__WHAT IS BEING ASKED__. Your copy should begin with the line containing "Auf dem Satellitenfoto", end with the line containing "Stukje verse zalm", match the listing below exactly, and contain no pictures.

__DATA EXCERPTS__.
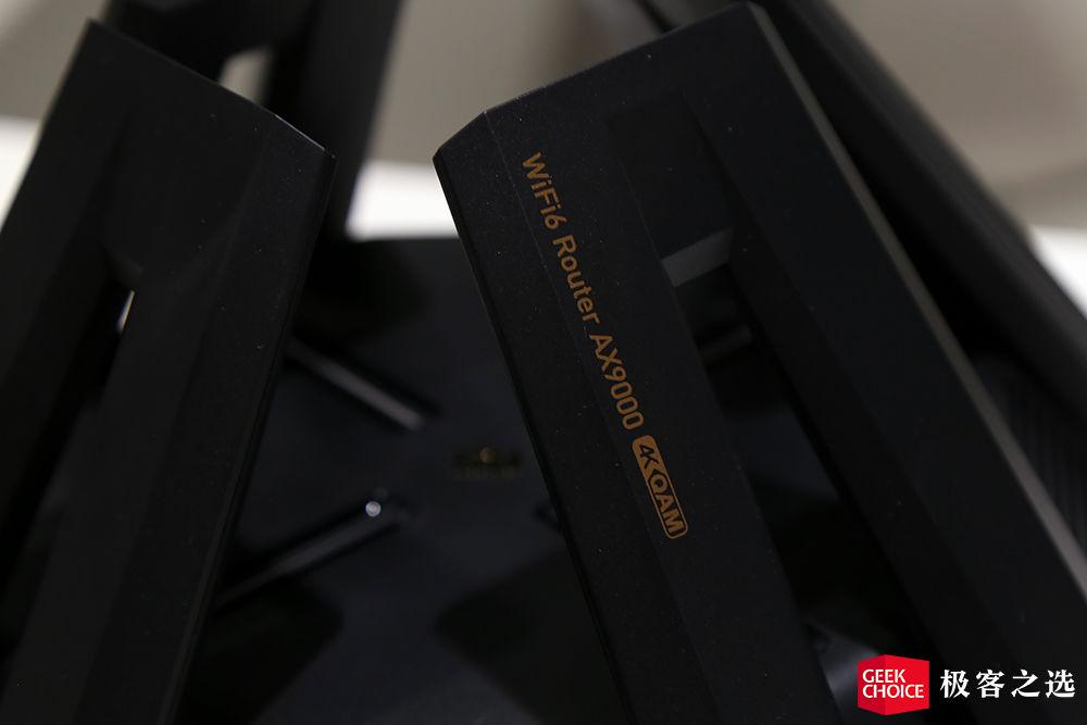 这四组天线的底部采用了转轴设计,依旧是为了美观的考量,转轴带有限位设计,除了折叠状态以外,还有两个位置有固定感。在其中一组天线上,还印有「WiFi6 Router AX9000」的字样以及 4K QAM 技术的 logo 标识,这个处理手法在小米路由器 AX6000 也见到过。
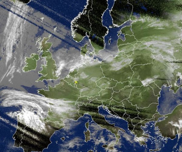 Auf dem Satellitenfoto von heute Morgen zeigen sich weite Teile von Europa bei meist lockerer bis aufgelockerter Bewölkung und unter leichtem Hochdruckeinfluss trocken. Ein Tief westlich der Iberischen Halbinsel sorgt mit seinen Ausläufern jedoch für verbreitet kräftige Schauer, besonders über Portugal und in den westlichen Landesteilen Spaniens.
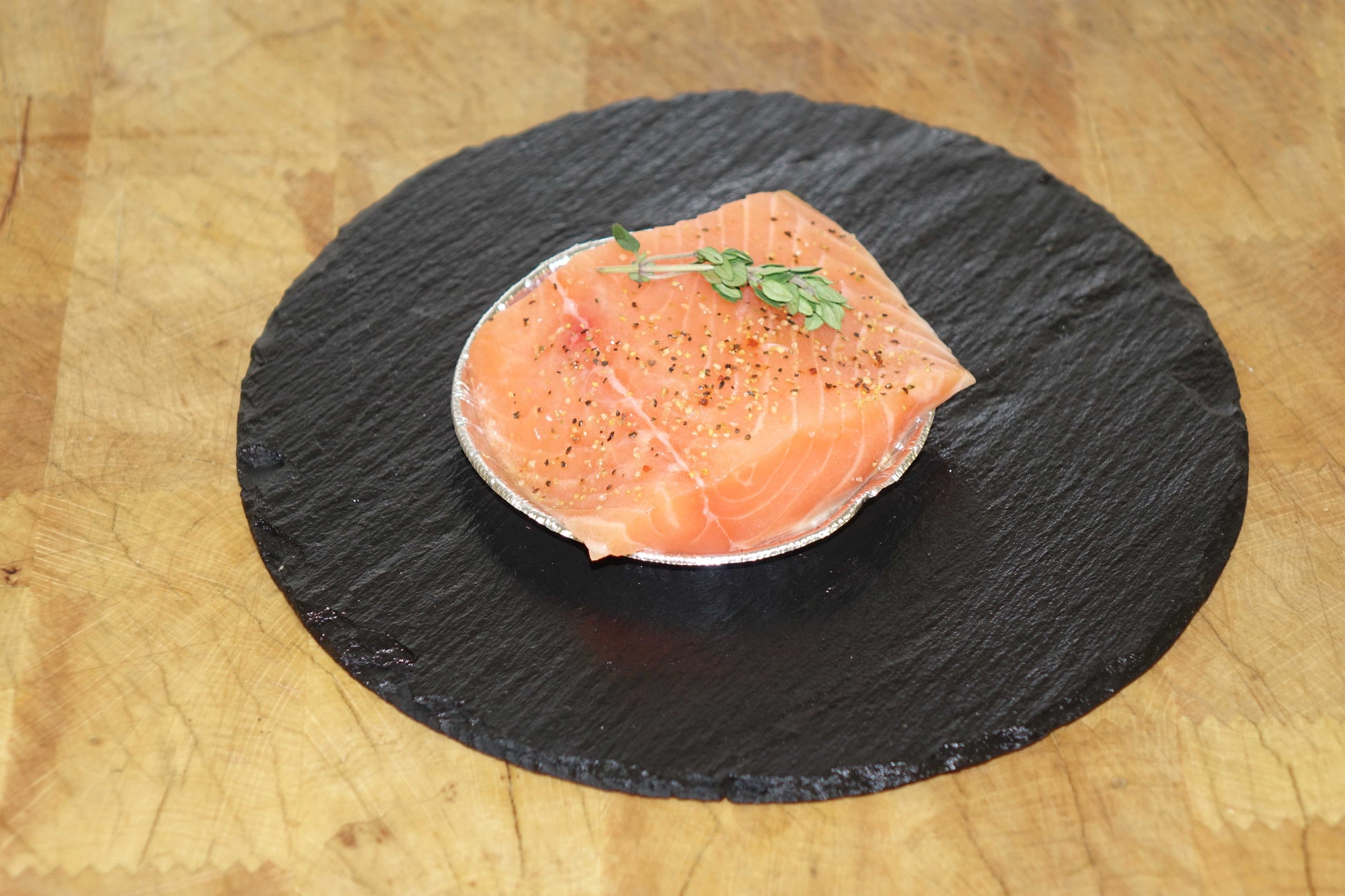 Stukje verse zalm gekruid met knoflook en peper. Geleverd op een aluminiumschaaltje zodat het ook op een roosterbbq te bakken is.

...

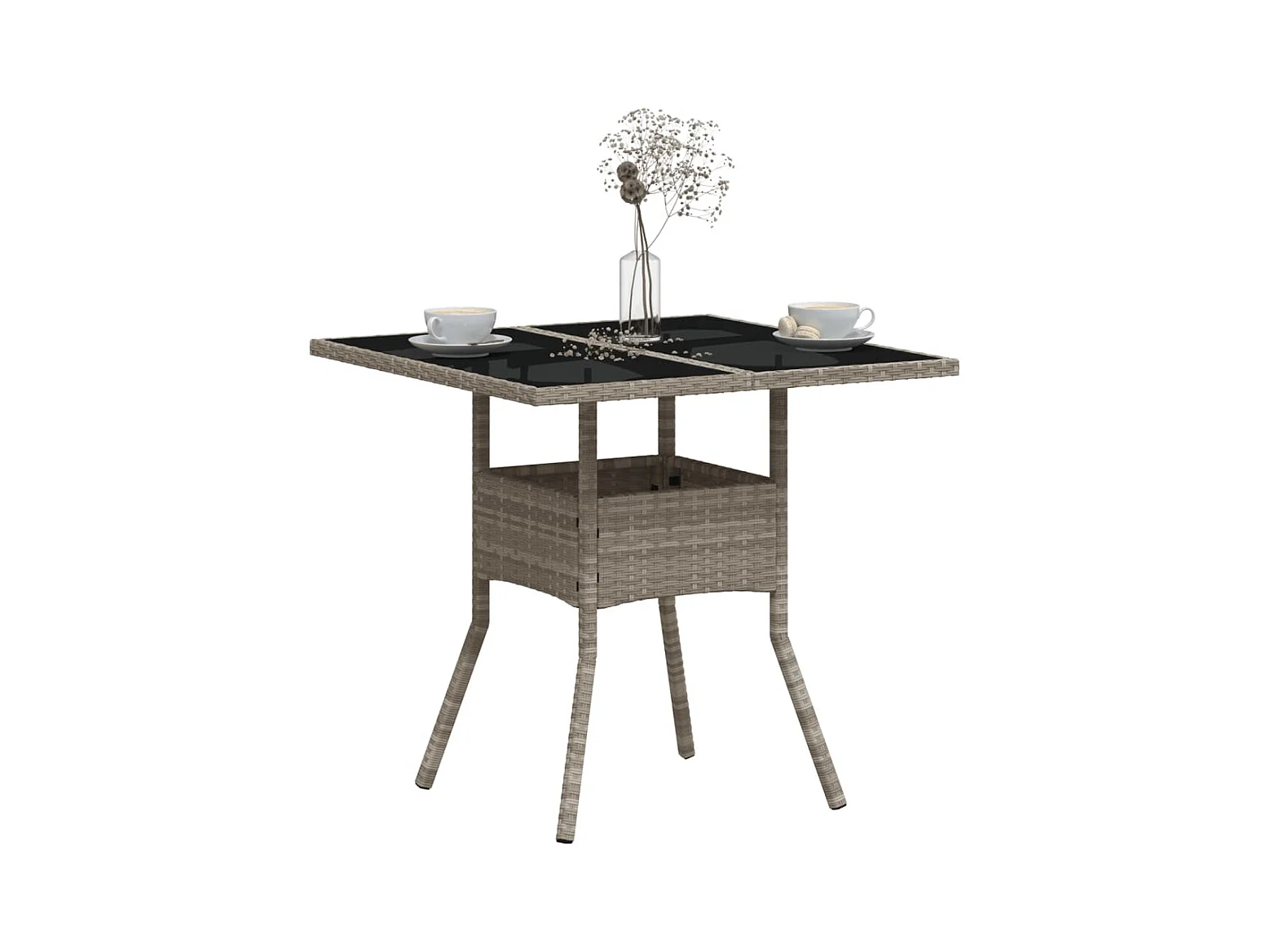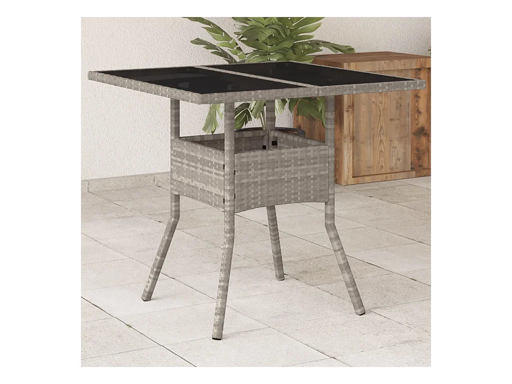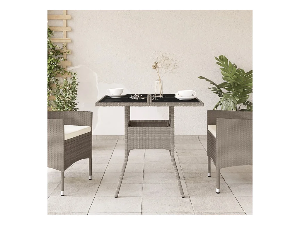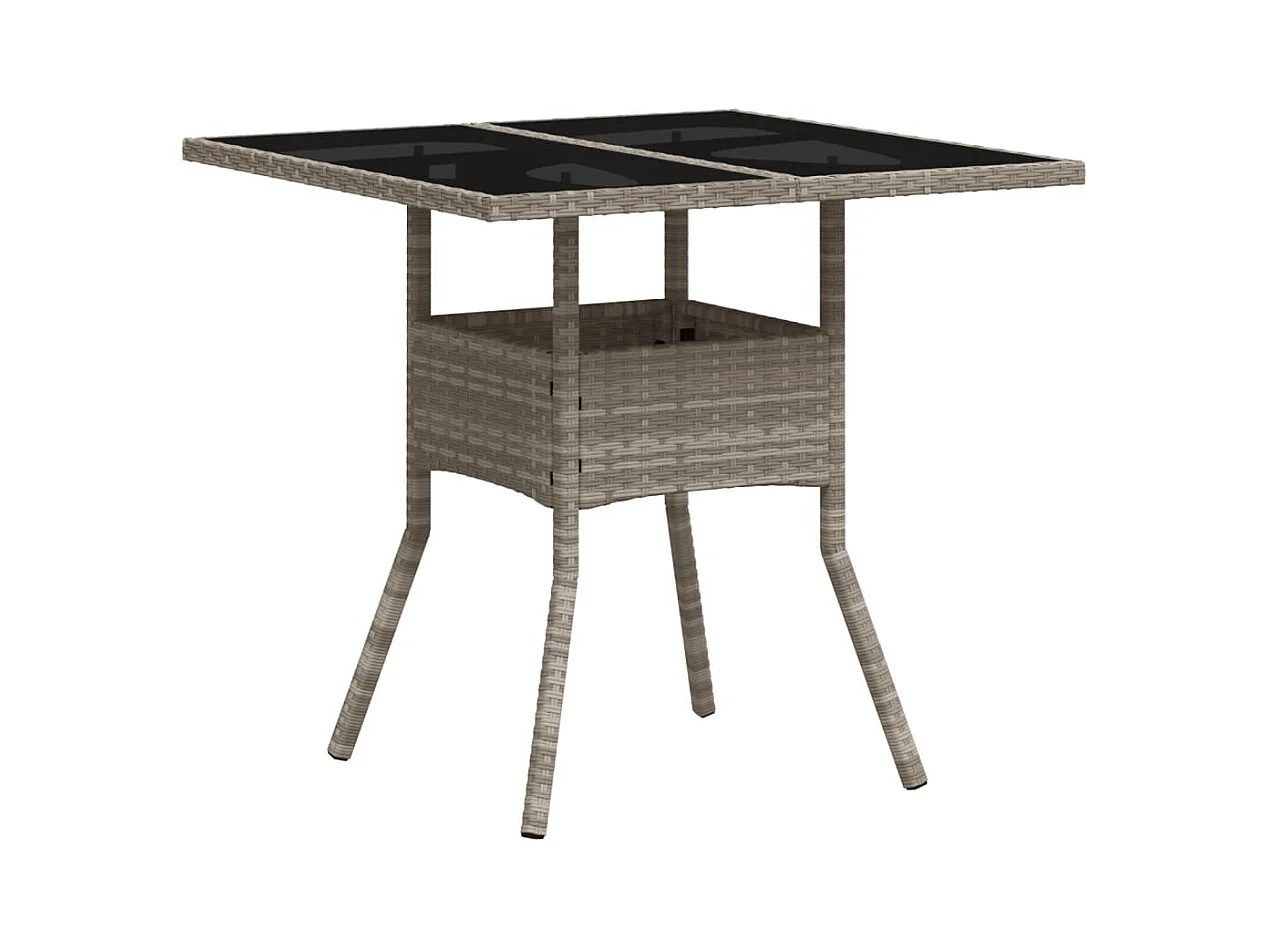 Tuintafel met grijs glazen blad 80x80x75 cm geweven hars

__TASK RESULT__.
 Auf dem Satellitenfoto von heute Morgen zeigen sich weite Teile von Europa bei meist lockerer bis aufgelockerter Bewölkung und unter leichtem Hochdruckeinfluss trocken. Ein Tief westlich der Iberischen Halbinsel sorgt mit seinen Ausläufern jedoch für verbreitet kräftige Schauer, besonders über Portugal und in den westlichen Landesteilen Spaniens.
 Stukje verse zalm gekruid met knoflook en peper. Geleverd op een aluminiumschaaltje zodat het ook op een roosterbbq te bakken is.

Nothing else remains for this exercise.